Чтобы понять, как молитва о спасении души превратилась в призыв к уничтожению «сатанистов», мы должны начать с самой сердцевины русской государственной мифологии, с идеи, которая на протяжении пяти веков определяла и возвышала, и губила Россию. Это идея «Москвы — Третьего Рима». Когда в 1453 году под ударами турок пал Константинополь, Второй Рим, православный мир осиротел. Он лишился своего центра, своего стержня. И именно в этот момент молодое, набирающее силу Московское княжество, только что сбросившее татаро-монгольское иго, начинает примерять на себя одежды имперского наследника. Брак великого князя Ивана III с племянницей последнего византийского императора Софьей Палеолог был не просто династическим союзом. Это была заявка на преемственность. Византийский двуглавый орел перелетел на московские гербы. И вскоре нашлись люди, которые облекли это смутное предчувствие в чеканную формулу. В начале XVI века псковский монах Филофей в своих посланиях к великому князю Василию III произнес слова, ставшие генетическим кодом русской государственности: «Два Рима пали, третий стоит, а четвертому не бывать». Для Филофея и его современников это была не программа геополитической экспансии. Это была эсхатологическая доктрина, идея об огромной, почти невыносимой ответственности. Весь христианский мир пал в ересь или был завоеван иноверцами. Первый Рим отпал от истинной веры из-за католической «аполинариевой ереси».

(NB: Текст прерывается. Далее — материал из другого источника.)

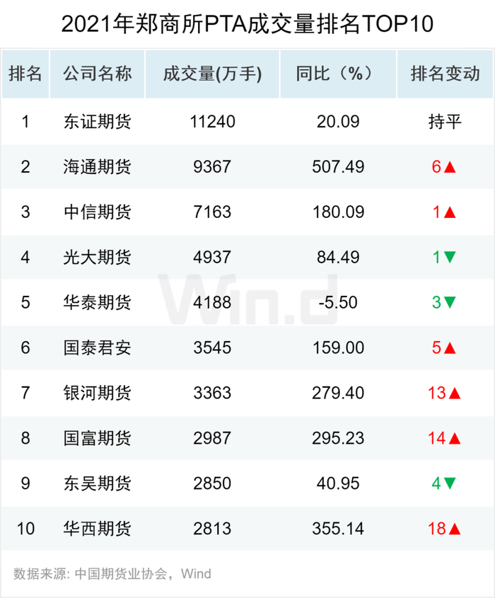 郑商所TA品种成交放大,东证期货成交量同比增加20%,排名第一。海通期货同比增加507%,成交量排名上升6位至第二位。TOP10占全部成交量的47.4%。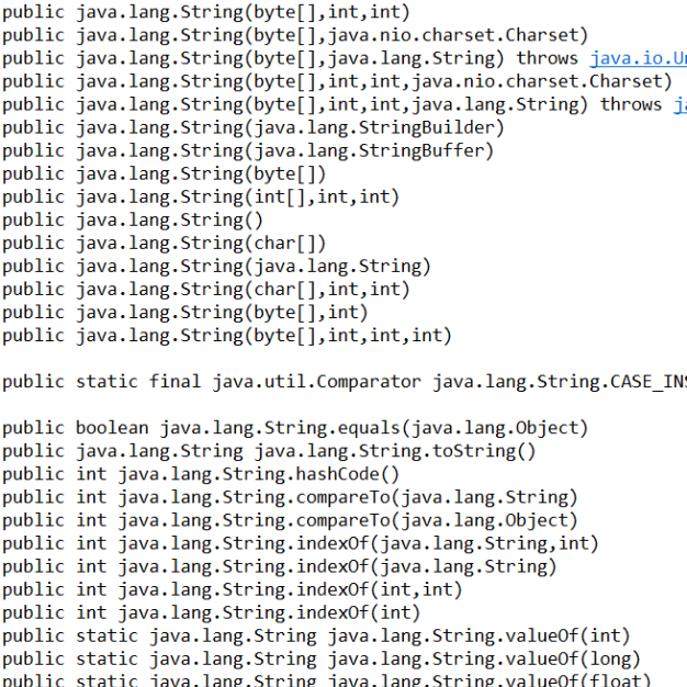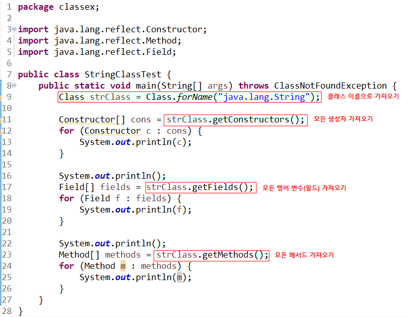 Class 클래스의 몇 가지 메서드를 활용하는 예제를 통해 정보를 어떻게 찾는지 알아보자. 아래 예제에서 사용하는 Constructor, Method, Field 등의 클래스는 java.lang.reflect 패키지에 정의되어 있다. Class 클래스와 java.lang.reflect 패키지의 클래스를 사용하면 리플렉션 프로그래밍을 할 수 있다. 아래 예제에서 String 클래스 정보를 가져오는 방법을 살펴보자.
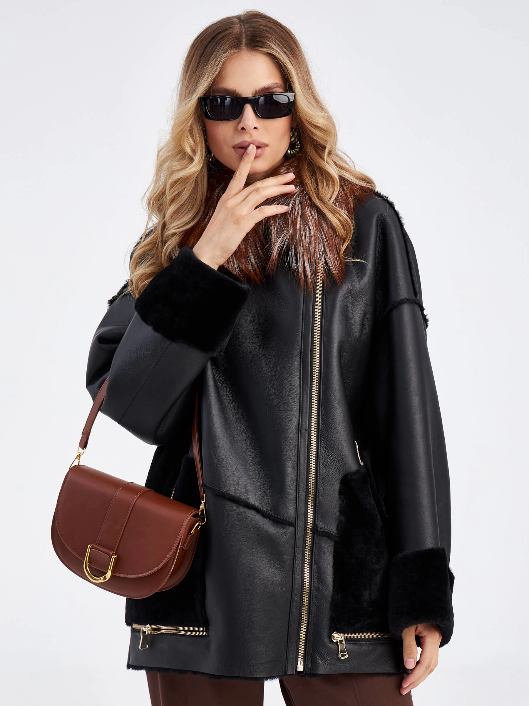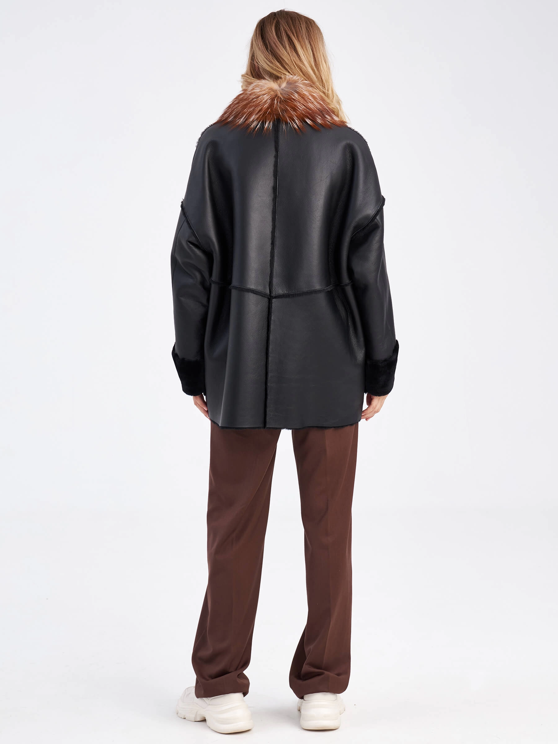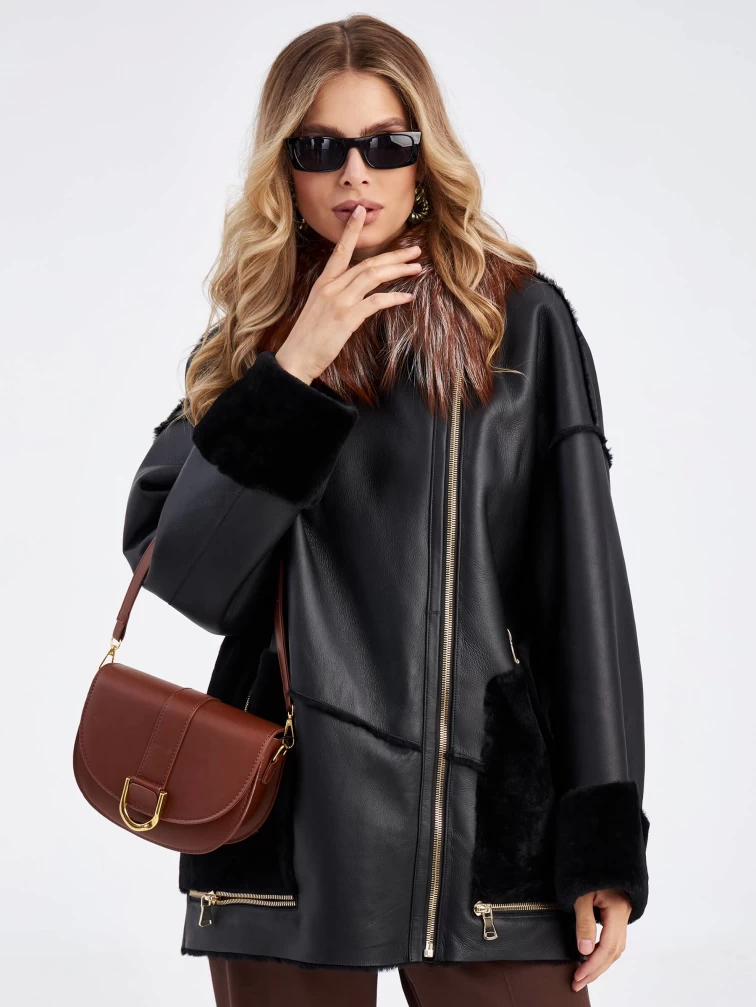 Товар короткая женская дубленка оверсайз с воротником лисицы премиум класса 2042, черная, размер 46, артикул 63160 выполнен из овчина "мерино" с застежкой кнопки. Рассчитан на сезон: осень-зима. Длина изделия 70 см, силуэт прямой.

Второй Рим, Константинополь, пал, наказанный Богом за предательство православия на Флорентийской унии, где византийцы пытались договориться с папой римским. И вот теперь Москва, Русь, осталась последним на земле царством, хранящим чистоту христианской веры. Она — последний оплот, Катехон, «Удерживающий» мир от пришествия Антихриста и конца времен. Ее миссия — не завоевать мир, а сохранить себя в чистоте до Второго пришествия. Если падет и Третий Рим, мир рухнет в бездну. Эта идея была оборонительной по своей сути, она призывала не к расширению, а к самосохранению, к строжайшей духовной дисциплине. Царь был ответственен не перед народом, а перед Богом за сохранение этого последнего ковчега спасения.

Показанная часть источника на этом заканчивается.